Department of Computational Biology, Cornell University, Ithaca, 14853, USA.
Weill Institute for Cell and Molecular Biology, Cornell University, Ithaca, 14853, USA.
Interdiscip Sci. 2024 Dec;16(4):802-813. doi: 10.1007/s12539-024-00639-6. Epub 2024 Aug 19.
X-ray diffraction crystallography has been most widely used for protein three-dimensional (3D) structure determination for which whether proteins are crystallizable is a central prerequisite. Yet, there are a number of procedures during protein crystallization, including protein material production, purification, and crystal production, which take turns affecting the crystallization outcome. Due to the expensive and laborious nature of this multi-stage process, various computational tools have been developed to predict protein crystallization propensity, which is then used to guide the experimental determination. In this study, we presented a novel deep learning framework, PLMC, to improve multi-stage protein crystallization propensity prediction by leveraging a pre-trained protein language model. To effectively train PLMC, two groups of features of each protein were integrated into a more comprehensive representation, including protein language embeddings from the large-scale protein sequence database and a handcrafted feature set consisting of physicochemical, sequence-based and disordered-related information. These features were further separately embedded for refinement, and then concatenated for the final prediction. Notably, our extensive benchmarking tests demonstrate that PLMC greatly outperforms other state-of-the-art methods by achieving AUC scores of 0.773, 0.893, and 0.913, respectively, at the aforementioned individual stages, and 0.982 at the final crystallization stage. Furthermore, PLMC is shown to be superior for predicting the crystallization of both globular and membrane proteins, as demonstrated by an AUC score of 0.991 for the latter. These results suggest the significant potential of PLMC in assisting researchers with the experimental design of crystallizable protein variants.
X 射线晶体学已被广泛应用于蛋白质三维(3D)结构的测定,而蛋白质是否可结晶是其核心前提条件。然而,在蛋白质结晶过程中有许多步骤,包括蛋白质材料的生产、纯化和晶体生产,这些步骤依次影响结晶结果。由于这个多阶段过程昂贵且费力,因此已经开发了各种计算工具来预测蛋白质结晶倾向,然后将其用于指导实验测定。
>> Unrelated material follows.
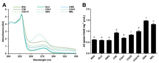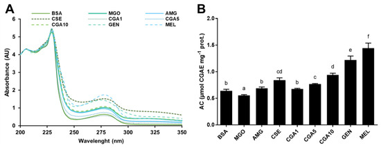 UV-Vis spectra (A) and antioxidant capacities (B) of the high molecular weight protein fractions (>30 kDa) isolated from the samples of the BSA-GLU glycation system (21 days incubation, 37 °C, pH 7.4) BSA: negative control; GLU: BSA + glucose; AMG: BSA + glucose + aminoguanidine; CSE: BSA + glucose + CSE (12,5 mg mL−1); CGA1: BSA + glucose + 1 mmol L−1 CGA; CGA5: BSA + glucose + 5 mmol L−1 CGA; CGA10: BSA + glucose + 10 mmol L−1 CGA; GEN: BSA + glucose + 5 mmol L−1 genistein; MEL: BSA + glucose + 5 mmol L−1 melatonin. Results are presented as mean ± SD (n = 3). Bars with different letters denote significant differences (p < 0.05) when subjected to Tukey multiple range test.
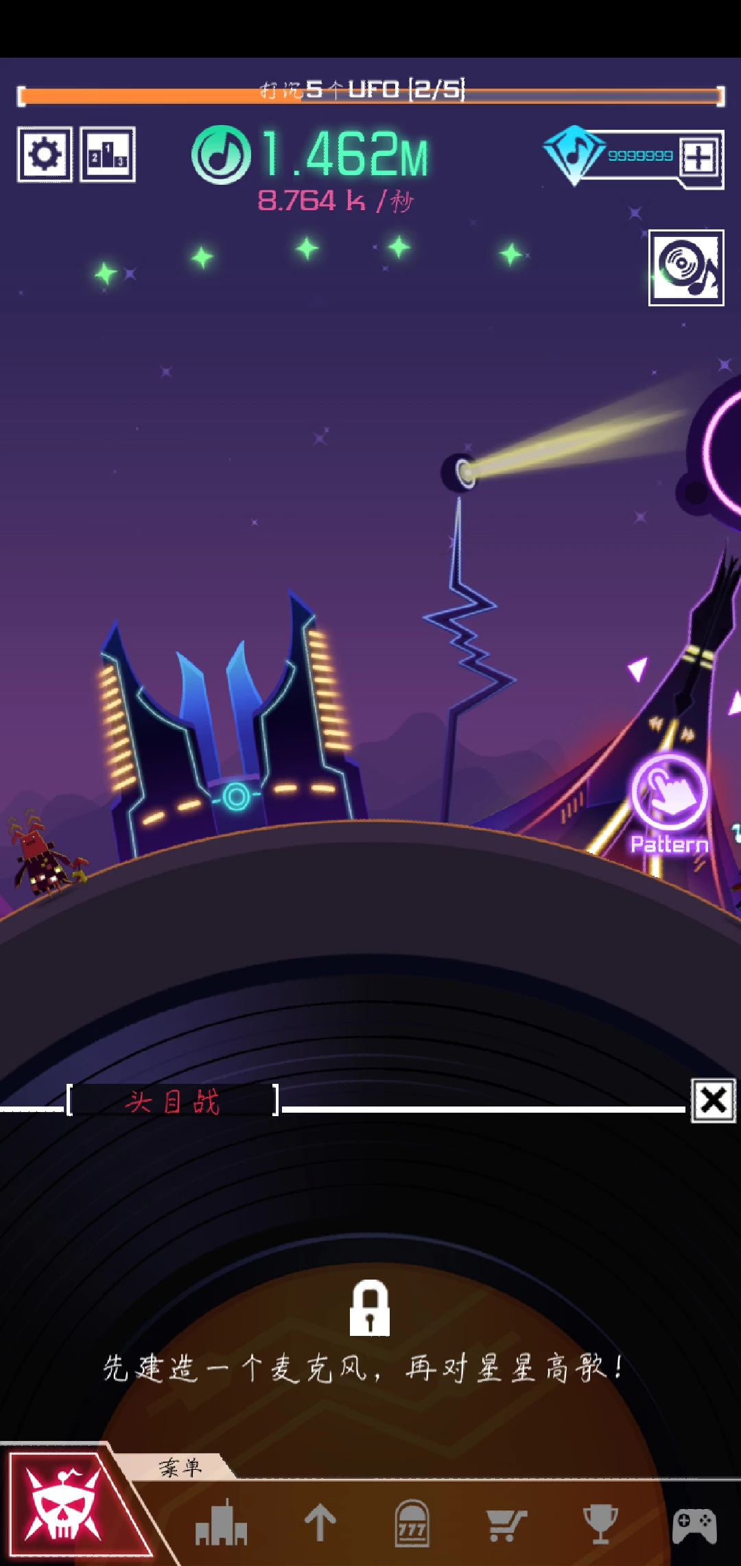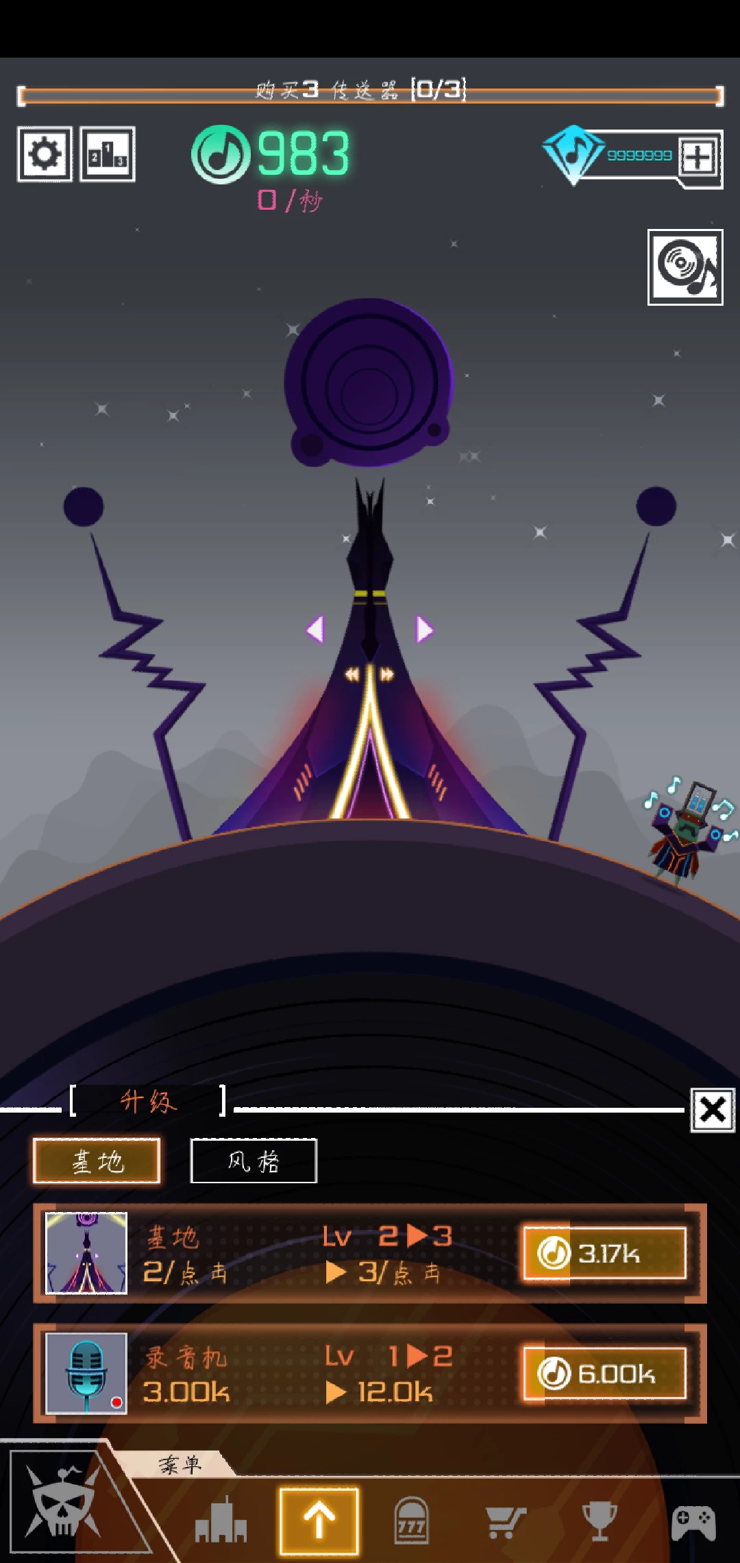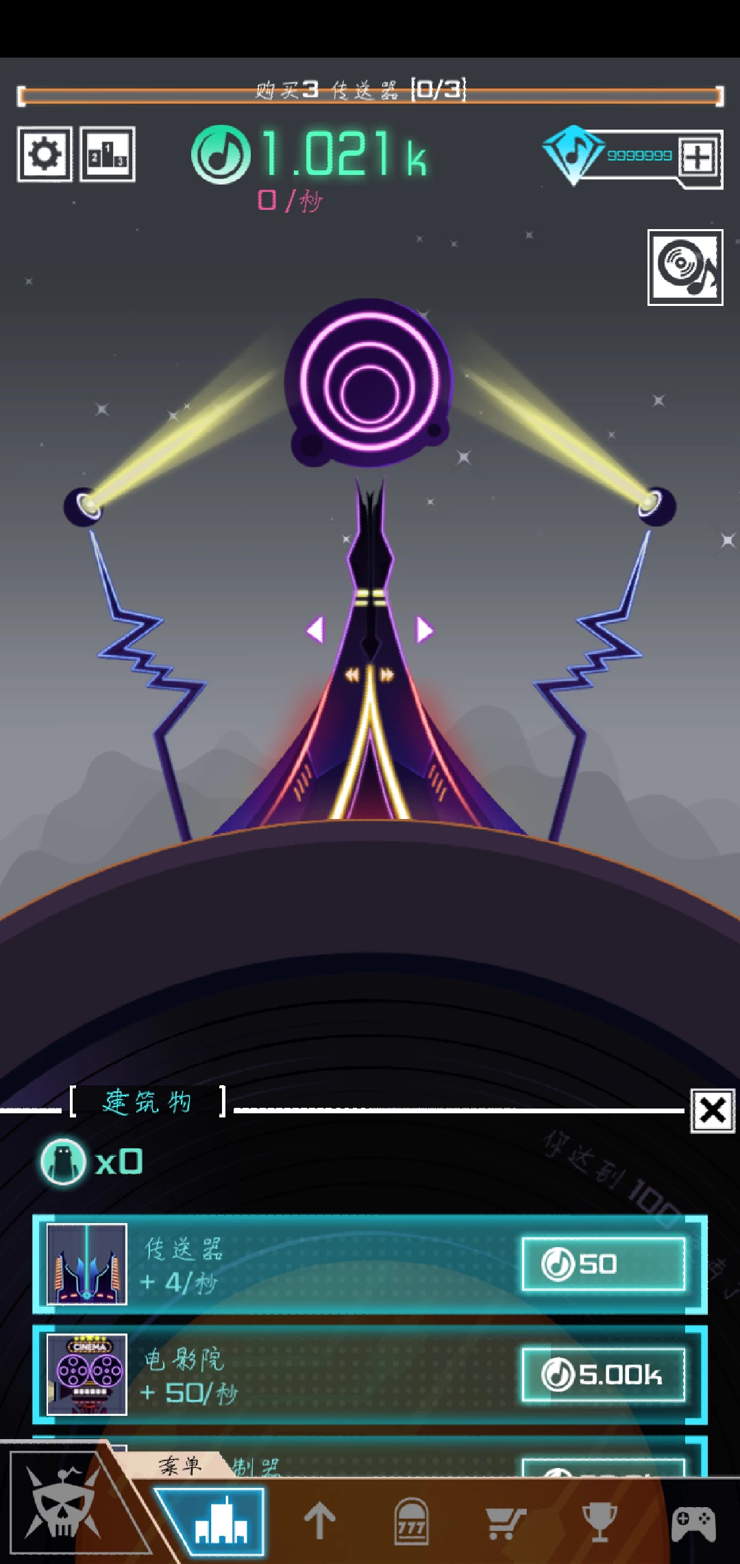 我们创建的是节奏星球,所以星球的外观就想一个滑盘(嗯。。我不太知道那个打节奏的人的专业术语),最重要的是建立起我们的基建,慢慢的获得金币,不过在我们这个节奏星球,金币都是音乐符号🎵,整个星球都充满了音乐的气氛。

在这项研究中,我们提出了一种新颖的深度学习框架 PLMC,通过利用预先训练好的蛋白质语言模型来提高多阶段蛋白质结晶倾向预测。为了有效地训练 PLMC,我们将每组蛋白质的两类特征整合到一个更全面的表示中,包括来自大规模蛋白质序列数据库的蛋白质语言嵌入和由物理化学、序列和无序相关信息组成的手工制作特征集。这些特征被进一步分别嵌入以进行细化,然后拼接用于最终预测。值得注意的是,我们广泛的基准测试表明,PLMC 大大优于其他最先进的方法,在上述各个阶段的 AUC 得分分别达到 0.773、0.893 和 0.913,而在最终结晶阶段的得分则达到 0.982。此外,PLMC 还被证明在预测球状蛋白和膜蛋白的结晶方面具有优势,后者的 AUC 得分达到 0.991。这些结果表明 PLMC 在协助研究人员设计可结晶的蛋白质变体方面具有重要的潜力。